O pedido de desculpa e o diagnóstico de transtorno bipolar
"Em inúmeras ocasiões, fiz os outros acreditar de que vivia com uma doença física e não uma psicológica: o cancro, especificamente. A minha mãe travou uma batalha agressiva contra o cancro da mama quando eu era apenas um adolescente. Essa experiência na minha adolescência, tornou-se num sinónimo de dor e pânico", explica ao "The New Yorker" num comunicado oficial.

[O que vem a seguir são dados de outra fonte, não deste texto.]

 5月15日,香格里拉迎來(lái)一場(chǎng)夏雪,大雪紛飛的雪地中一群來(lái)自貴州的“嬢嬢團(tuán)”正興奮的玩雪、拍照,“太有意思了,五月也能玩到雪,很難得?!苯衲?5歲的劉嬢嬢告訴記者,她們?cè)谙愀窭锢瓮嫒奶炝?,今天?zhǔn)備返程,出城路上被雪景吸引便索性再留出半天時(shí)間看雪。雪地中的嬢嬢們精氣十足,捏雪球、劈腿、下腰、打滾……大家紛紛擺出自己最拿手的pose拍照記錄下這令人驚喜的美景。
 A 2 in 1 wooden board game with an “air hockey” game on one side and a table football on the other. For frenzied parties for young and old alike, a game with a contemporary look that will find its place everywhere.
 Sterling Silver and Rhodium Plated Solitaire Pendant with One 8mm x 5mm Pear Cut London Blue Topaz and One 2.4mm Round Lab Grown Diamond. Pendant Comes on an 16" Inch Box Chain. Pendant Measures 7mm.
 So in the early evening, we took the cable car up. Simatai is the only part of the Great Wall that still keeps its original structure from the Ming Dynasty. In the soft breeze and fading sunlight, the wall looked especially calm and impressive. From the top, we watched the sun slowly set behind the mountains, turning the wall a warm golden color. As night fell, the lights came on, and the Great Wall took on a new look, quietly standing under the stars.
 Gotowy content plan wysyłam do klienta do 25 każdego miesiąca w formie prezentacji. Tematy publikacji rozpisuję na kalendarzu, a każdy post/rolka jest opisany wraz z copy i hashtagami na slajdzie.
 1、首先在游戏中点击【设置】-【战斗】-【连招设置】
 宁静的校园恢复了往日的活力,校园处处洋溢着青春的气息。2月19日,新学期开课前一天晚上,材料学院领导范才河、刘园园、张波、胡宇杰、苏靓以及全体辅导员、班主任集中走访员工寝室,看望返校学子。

E continua: "Senti uma vergonha imensa das batalhas psicológicas que estava a travar. Eram o meu segredo mais assustador e sensível. Durante 15 anos, mesmo enquanto era seguido por terapeutas, permaneci absolutamente aterrorizado com aquilo que as pessoas poderiam pensar de mim se soubessem, se achassem e concluíssem que era defeituoso de uma forma que deveria corrigir."
"Como muitos dos que vivem diariamente com isto, passei por depressões esmagadoras, pensamentos delirantes, obsessões mórbidas e problemas de memória. Foi horrível, até porque, durante a minha aflição, fiz e disse coisas que, normalmente, nunca diria ou faria. Coisas das quais, regra geral, não tenho qualquer recordação", conclui.
Embora o psiquiatra de Mallory tenha confirmado o diagnóstico do escritor e o profundo impacto emocional que teve nele a batalha da mãe contra o cancro, outro psiquiatra ouvido pela mesma publicação diz que os pacientes que vivem diariamente com transtorno de personalidade podem passar por "períodos de estima inflada", mas que, esses episódios não explicam "comportamentos arrogantes e enganadores" nas relações interpessoais dos intervenientes.
O autor pede desculpa "por ter tirado proveito da boa vontade" de quem o ajudou. O seu próximo livro, ainda sem data de estreia, passar-se-á na era Vitoriana, e espera o autor que seja adaptado para uma série de televisão.